◆ Material to process
------------------------
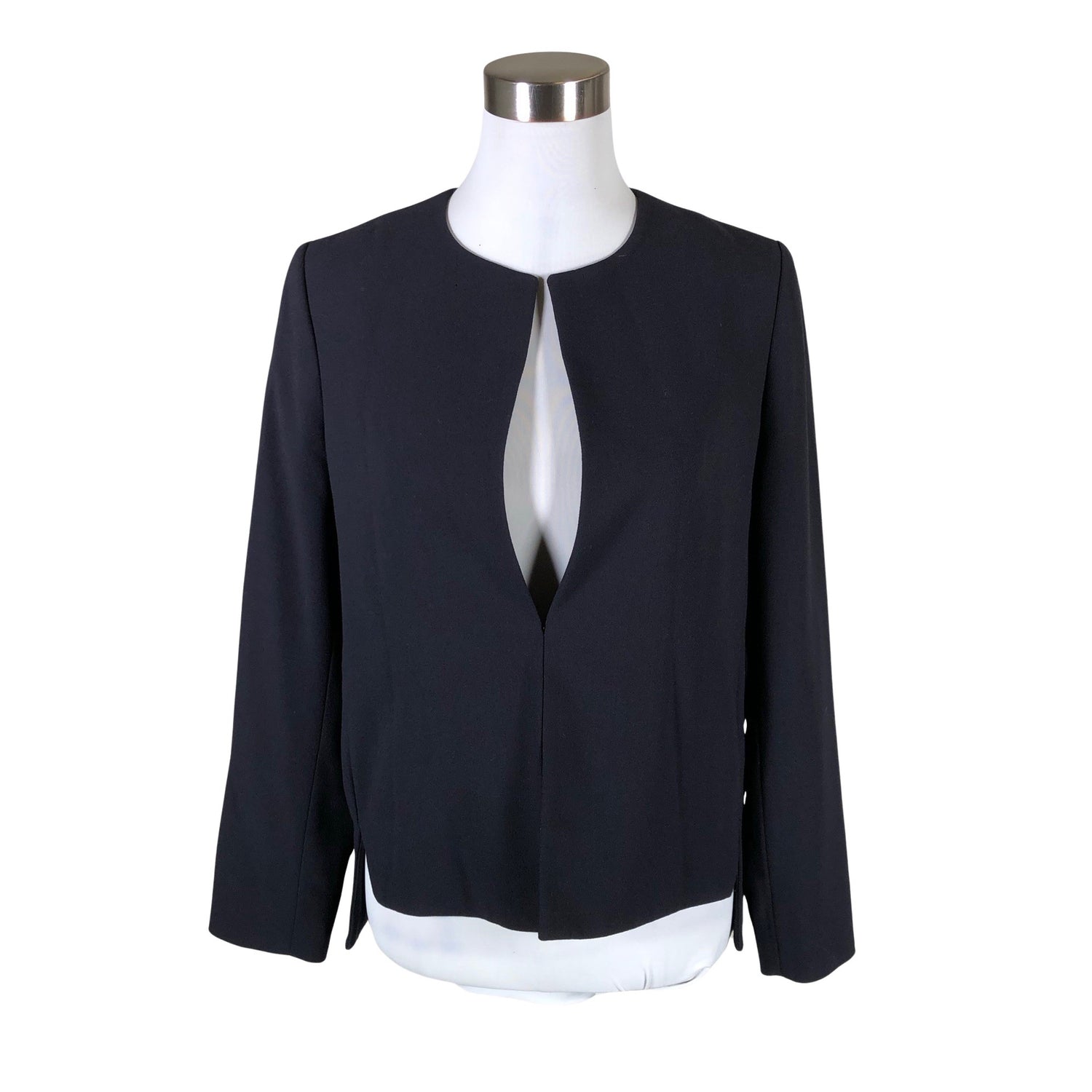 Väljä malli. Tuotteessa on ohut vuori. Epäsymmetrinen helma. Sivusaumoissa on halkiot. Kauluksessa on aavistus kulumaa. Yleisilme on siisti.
------------------------
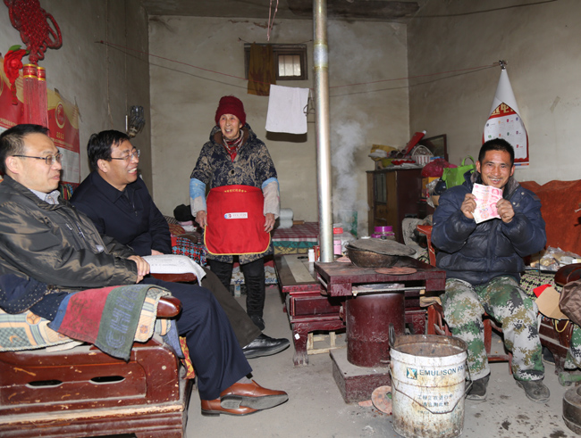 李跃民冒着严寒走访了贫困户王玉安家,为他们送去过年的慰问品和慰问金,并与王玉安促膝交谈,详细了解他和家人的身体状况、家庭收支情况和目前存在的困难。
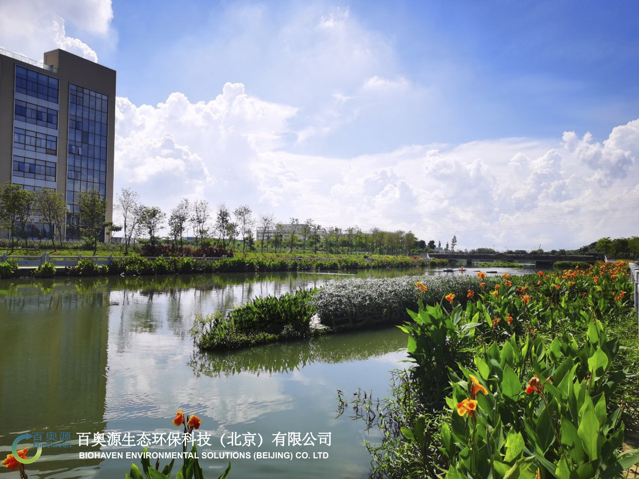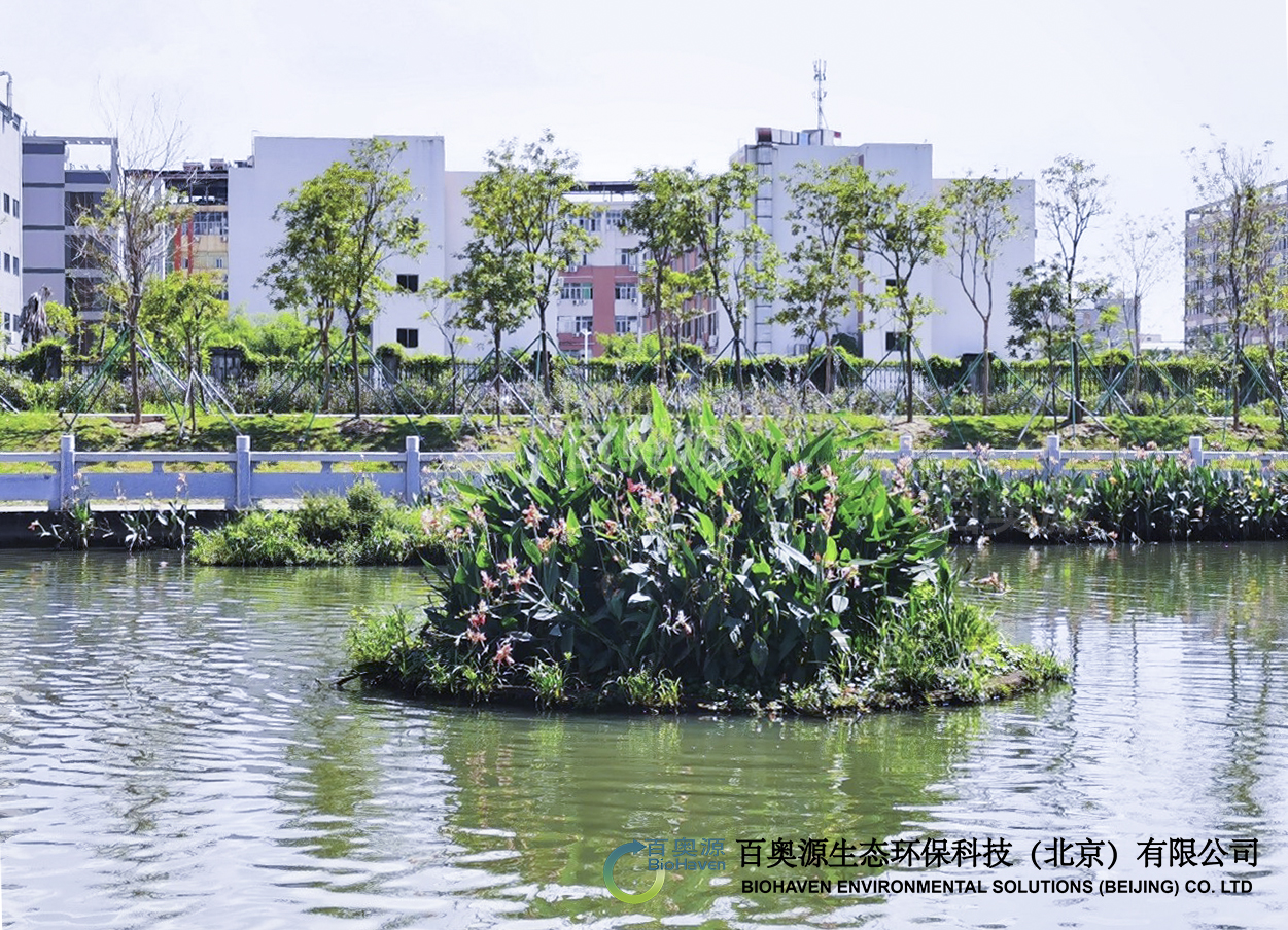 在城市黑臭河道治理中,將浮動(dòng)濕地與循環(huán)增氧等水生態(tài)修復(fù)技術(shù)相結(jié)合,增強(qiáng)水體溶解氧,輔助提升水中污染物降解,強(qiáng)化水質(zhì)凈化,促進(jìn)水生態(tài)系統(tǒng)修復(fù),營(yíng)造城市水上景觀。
------------------------
◆ Instructions for the task
Copy exactly the material above from the line with "李跃民冒着严寒走访了贫困户王" to the line with "在城市黑臭河道治理中,將浮動", ends included, and nothing else. Leave out any picture.

◆ Exercise output
 李跃民冒着严寒走访了贫困户王玉安家,为他们送去过年的慰问品和慰问金,并与王玉安促膝交谈,详细了解他和家人的身体状况、家庭收支情况和目前存在的困难。
 在城市黑臭河道治理中,將浮動(dòng)濕地與循環(huán)增氧等水生態(tài)修復(fù)技術(shù)相結(jié)合,增強(qiáng)水體溶解氧,輔助提升水中污染物降解,強(qiáng)化水質(zhì)凈化,促進(jìn)水生態(tài)系統(tǒng)修復(fù),營(yíng)造城市水上景觀。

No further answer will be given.